And the reporting that came out in the mainstream Indian media was that [Kashmiri] people were actually happy about being locked down in their houses. And this despite all the facts to the contrary, as the foreign media and a few other Indian media reported.

But the mainstream narrative which people in this country believed was the narrative that the government wanted spun. That is what is happening. He [Modi] is creating a fictional world in which people are consuming reality.

And what is actually happening, the shortcomings of the government, even the normal process of democracy in which leadership and political decisions are questioned, is being undermined. There is no constant exchange except through [pro-government] media. So in some senses, the very democratic framework of India, the way it should operate, is today in peril.

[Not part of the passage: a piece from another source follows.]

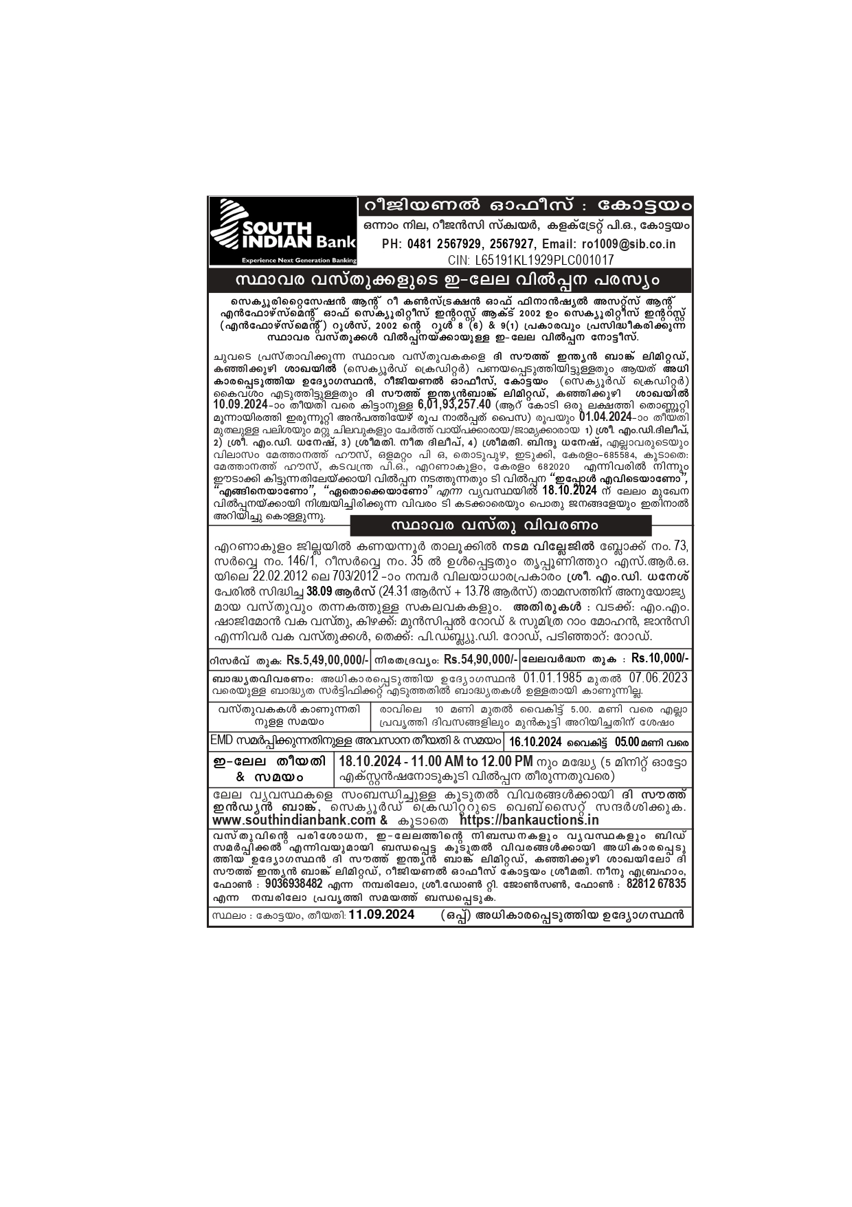 | Inspection Details: | For Inspection : Contact The Authorized Officer : Mrs.Neenu Abraham : 9036938482/ Mr.Don T Johnson 8281267835 |

Al Jazeera: Indian government leaders love to talk about how India is the world’s largest democracy. They say it all the time. But then how does that fit with the state of press freedom in India when the press is such an important part of democracy?

Bal: India today is in the danger of failing to be a constitutional democracy. I’m not claiming that Modi doesn’t enjoy democratic support. He does, even today, a huge amount.

But the very idea of constitutional democracy is mandated and functions through the work of institutions that control majoritarian tendencies, control the kind of anti-Muslim sentiments that this government is fomenting.

So constitutional democracy, for it to work, requires the checks and balances of institutions and the press. It may be a democracy in the sense that the majority rules, that the mob rules in some senses, but it is not a constitutional democracy in the real sense today.

The interview has been edited for clarity.